NBC News correspondent Jacob Soboroff stood outside the skeleton of his childhood home, tapping his mother’s name into his cellphone. “Mom? Look at this,” he said, panning the phone to take in a residential block in Pacific Palisades that was burned down to its chimneys and foundations. “I’m so sad,” Soboroff’s mother said. “It makes me sad too,” Soboroff told her. “This was a really, really special place for the Soboroff family, and I’m very sorry to see it go.”
The two-minute clip, which aired on NBC Nightly News Wednesday, is just one of the extraordinary and devastating scenes flooding TV airwaves and social media this week, as wind-driven firestorms devoured some 25,000 acres of Southern California and forced more than 100,000 people to flee.
Such fires have grown increasingly common across the American West as climate change has intensified drought conditions.
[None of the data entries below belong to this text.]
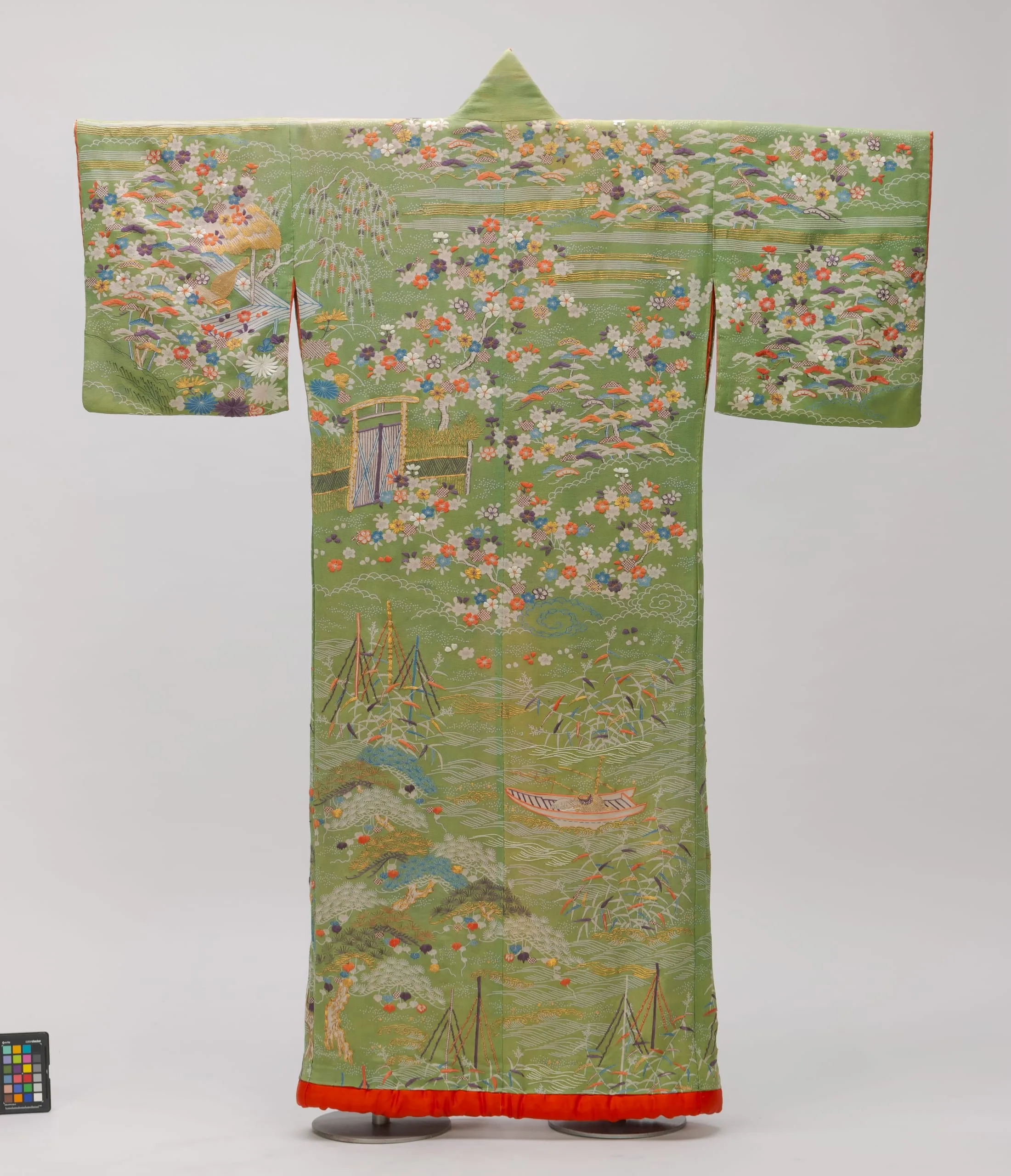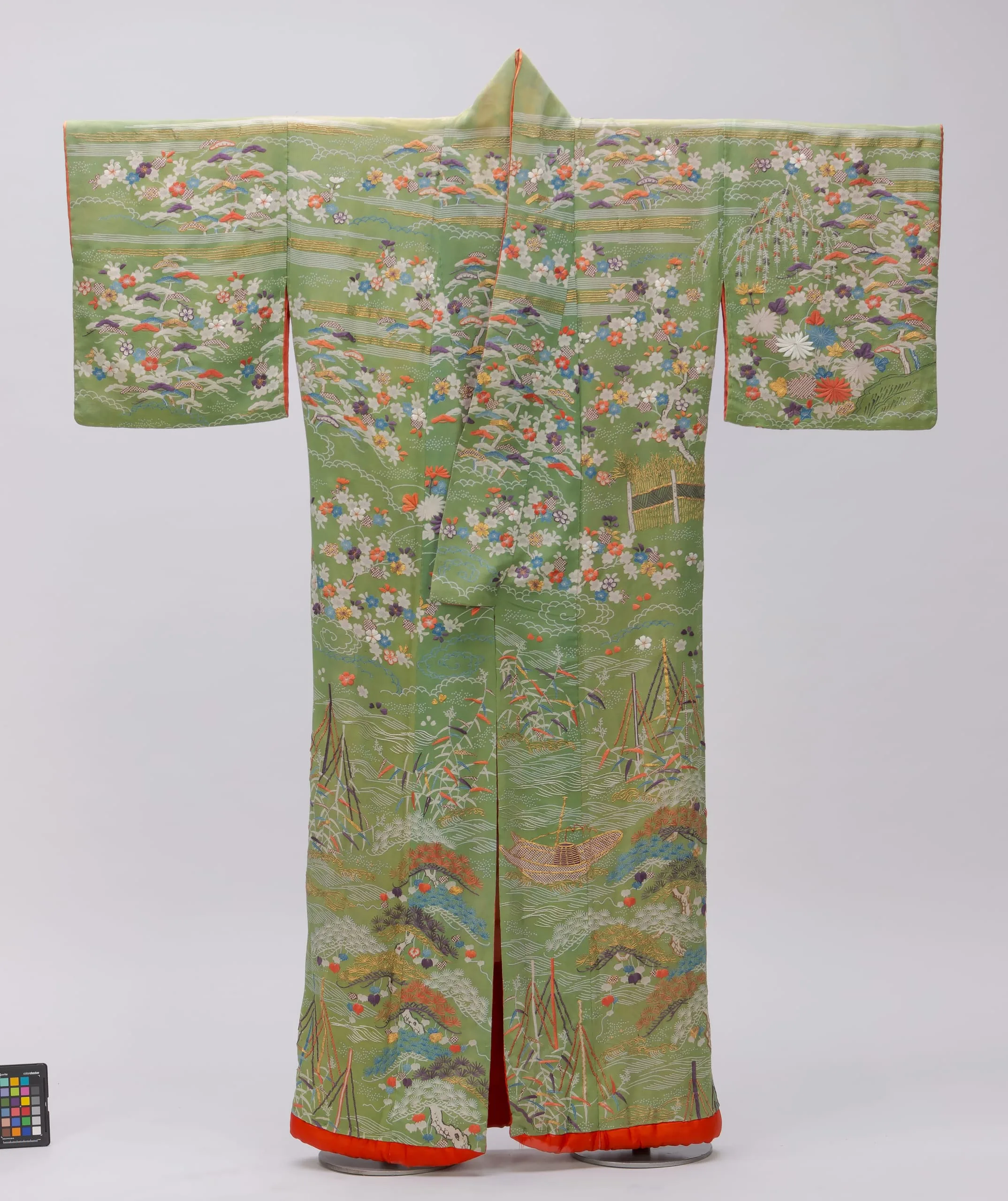 - Silk crepe (chirimen), paste-resist dyed (yūzen), stenciled imitation tie-resist dyed (kata kanoko), silk and gilt-paper-wrapped-silk-thread embroidery
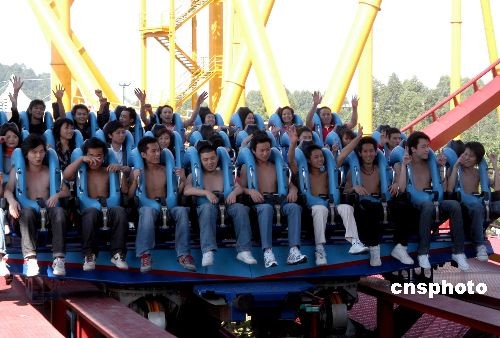 11月11日所謂“光棍節(jié)”,對于單身人士來說是一個特別的節(jié)日,廣州長隆歡樂世界為“男女光棍”舉辦別開生面的單身派對活動——“脫光勇士”挑戰(zhàn)愛情過山車!懊摴狻庇袃蓪雍x,一是把上衣脫光挑戰(zhàn)愛情過山車;二是找到心中的伴侶,脫離光棍生涯。中新社發(fā) 劉衛(wèi)勇 攝
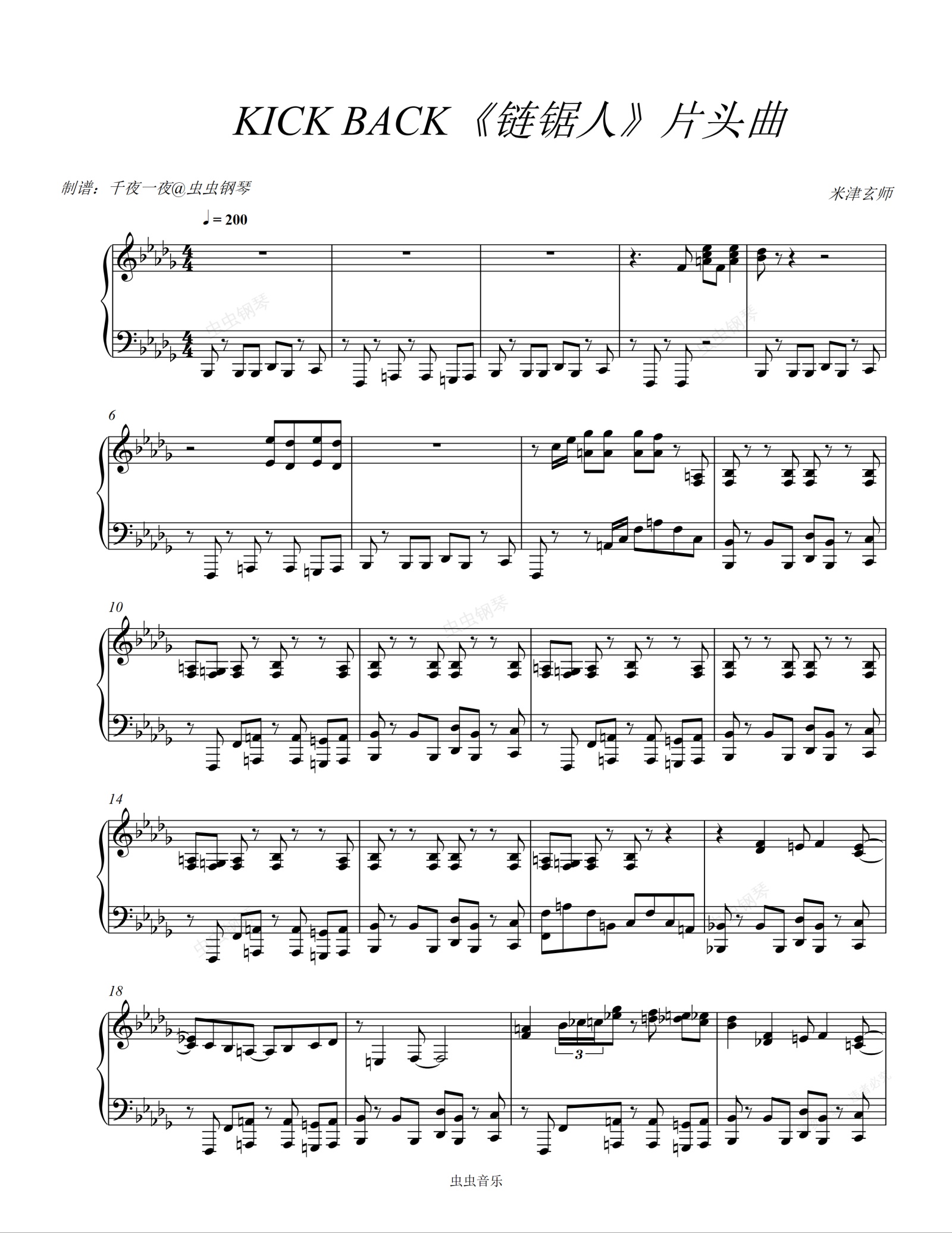 链锯人亲自上阵啦】链锯人OP「KICK BACK / 米津玄师」完整版钢琴演奏 Ru's Piano Cover【乐谱】
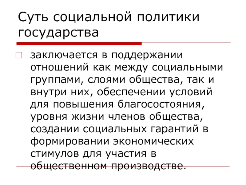 слоями общества, так и внутри них, обеспечении условий для повышения благосостояния, уровня жизни членов общества, создании социальных гарантий в формировании экономических стимулов для участия в общественном производстве.
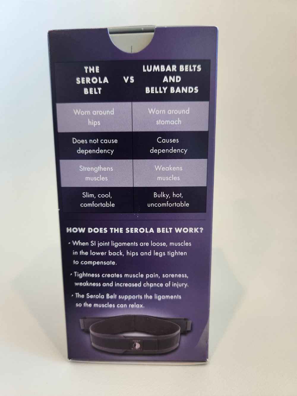 • The Serola Sacroiliac Belt’s patented design that effectively normalizes the function of the sacroiliac joint.
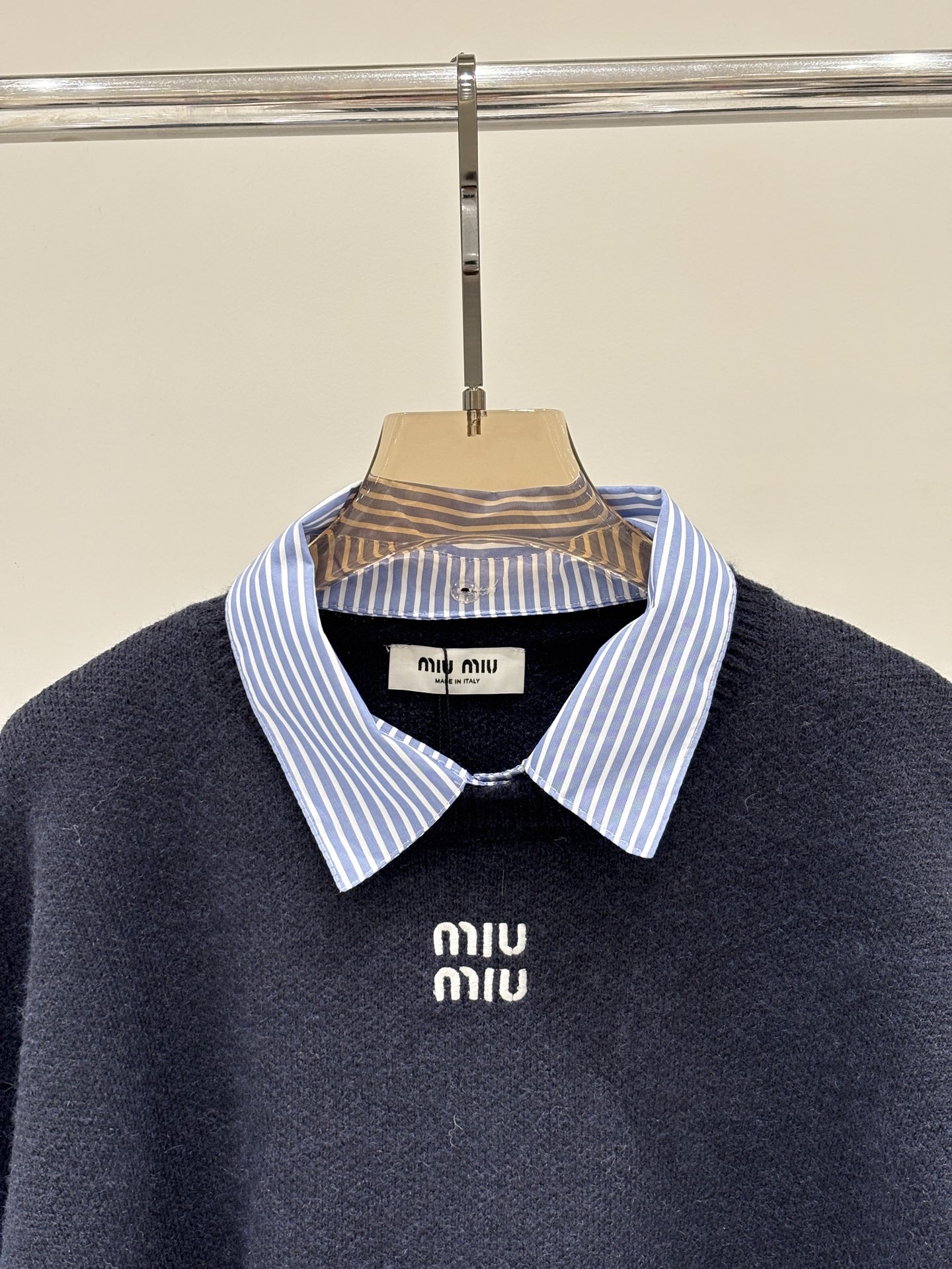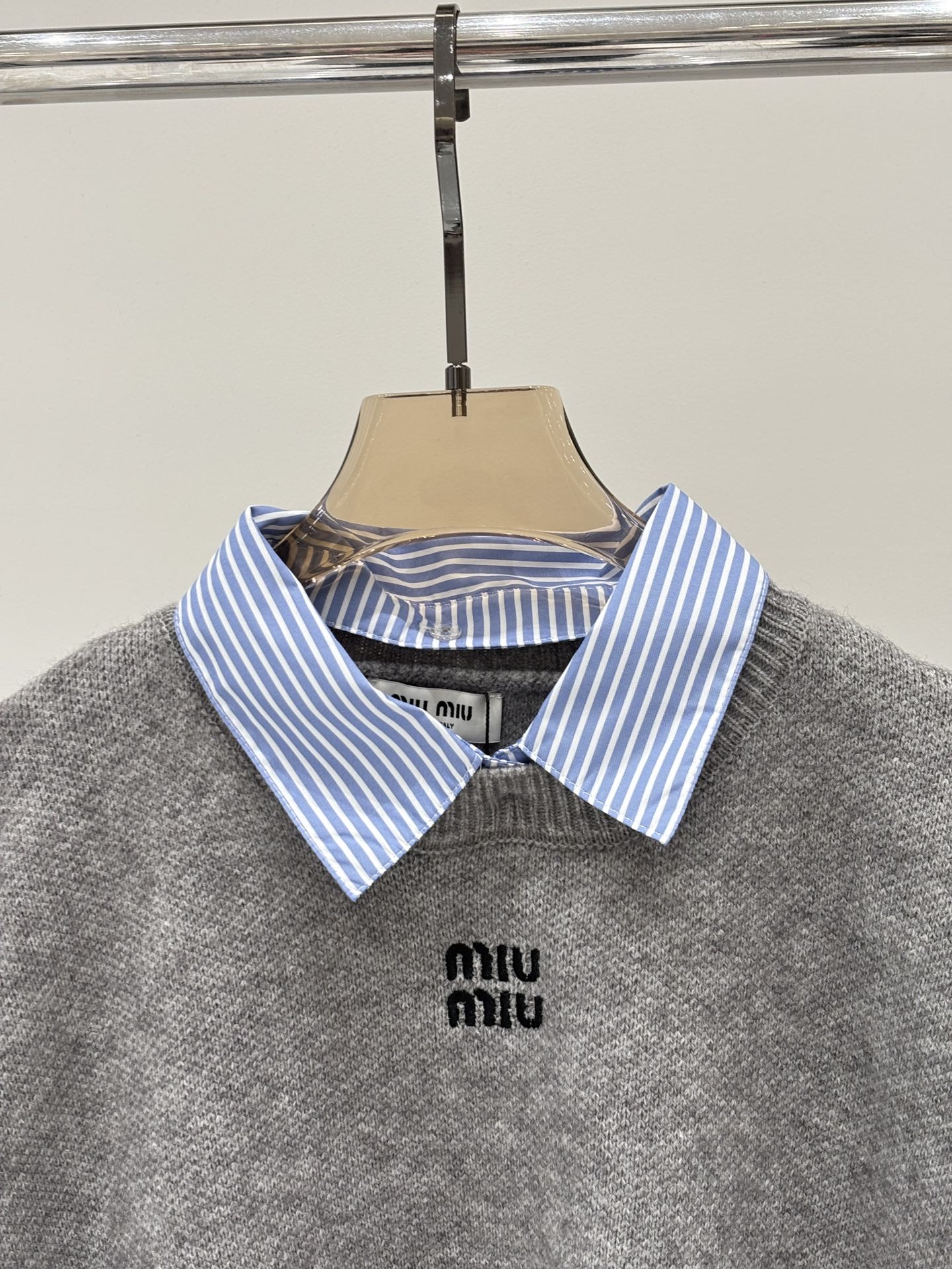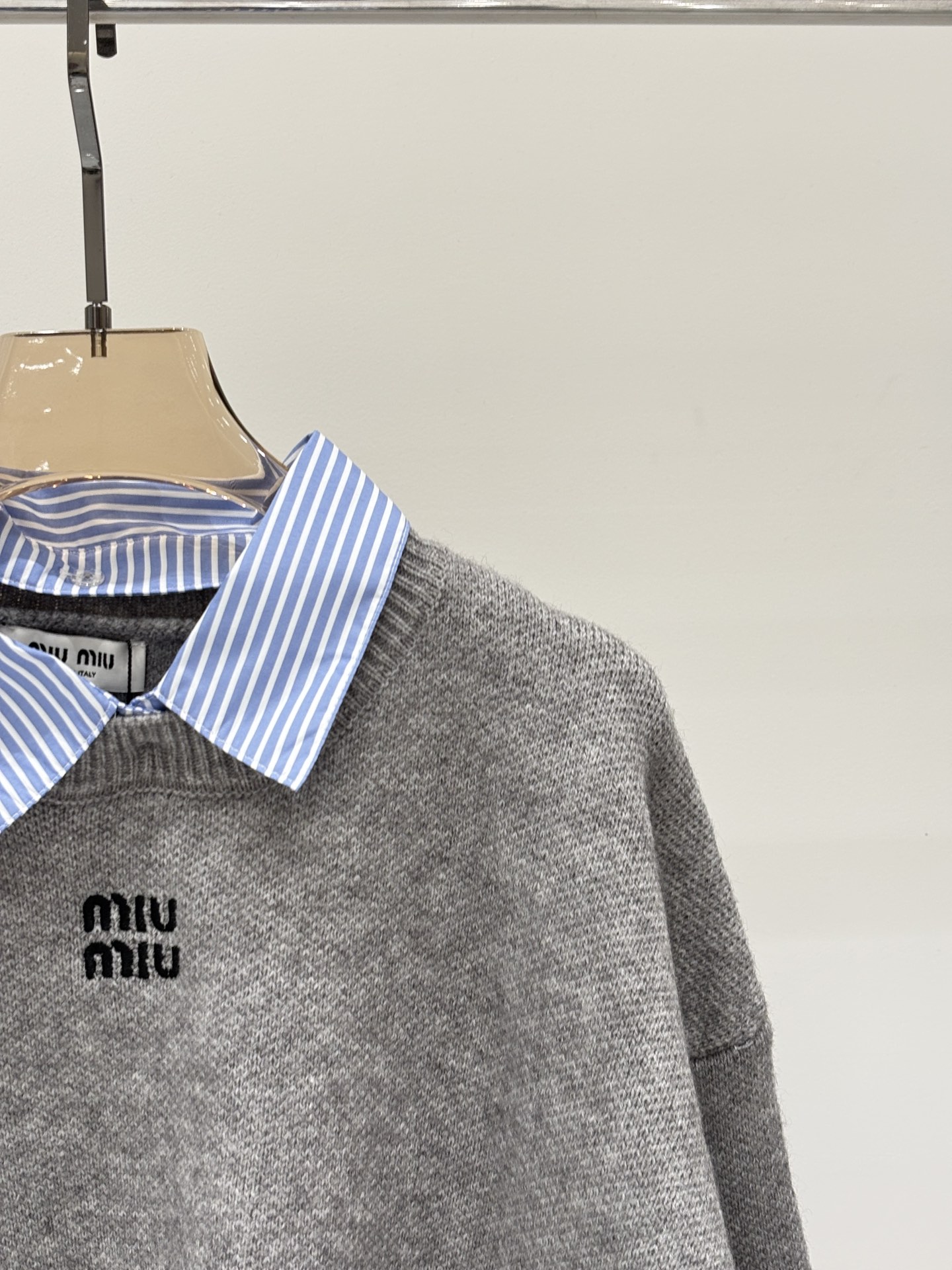 这款衣服是AAAAA 1:1 质量 (非常棒). 使用了和原版一模一样的材料. 商标部分也保持了和缪缪/Miu Miu一样. 图片拍摄是实物衣服拍摄, 您所收到的实物保证和我们图片一模一样.
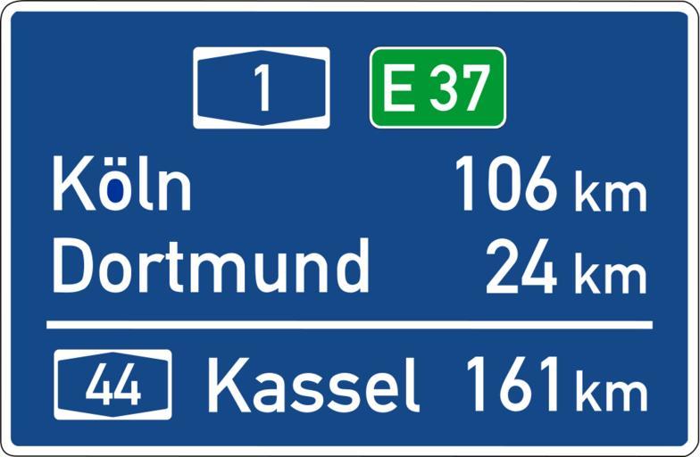 | Keywords: Zeichen 453.svg Zeichen 453 “ Entfernungstafel Sign No 453 “ destinations and distances Image taken from the de Straßenverkehrsordnung German Road Regulations as published by the de Bundesministerium für Verkehr Bau- und Wohnungswesen German Federal Ministry of Traffic Building and Housing at http //www bmvbw de/Verkehr/Strasse- 1449/Strassenverkehrs-Ordnung htm own Andreas06 01 August 2006 Hochladedatum <gallery> File Zeichen 453 - Autobahn - Entfernungstafel StVO 1970 svg </gallery> PD-GermanGov Cc-zero PD-VzKat Bundesautobahn 1 Entfernungstafel Bundesautobahn 44 Entfernungstafel E37 Diagrams of direction road signs of Germany 453 svg Diagrams of direction road signs of Germany 1992 set 453 svg Diagrams of motorway road signs of Germany Entfernungstafel |

But in clip after clip of raging flames and raining ash, local residents and journalists alike have echoed a similar, shell-shocked refrain: This one feels different. “Everyone you know is affected somehow,” CNN senior producer Jason Kravarik told Brian Stelter’s Reliable Sources.
Soboroff’s coverage has been particularly striking, in part because it’s so personal. The NBC political and national correspondent grew up in Pacific Palisades, one of the communities most devastated by the ongoing fires. In emotional dispatches from burned-out grocery stores and residential neighborhoods, he’s reflected on what the community means to him: “I can close my eyes and walk around and tell you what this place used to look like,” he said Thursday on Morning Joe. “It is no more … It was a tinderbox ready to go.”
But he’s not the only reporter covering an apocalypse close to home. On Wednesday morning, his NBC News colleague Liz Kreutz, who is based in Los Angeles, posted a harrowing 12-second video of her drive down the Pacific Coast Highway in Malibu, where clouds of orange smoke and ash almost obscured the smoldering foundations of dozens of ruined houses.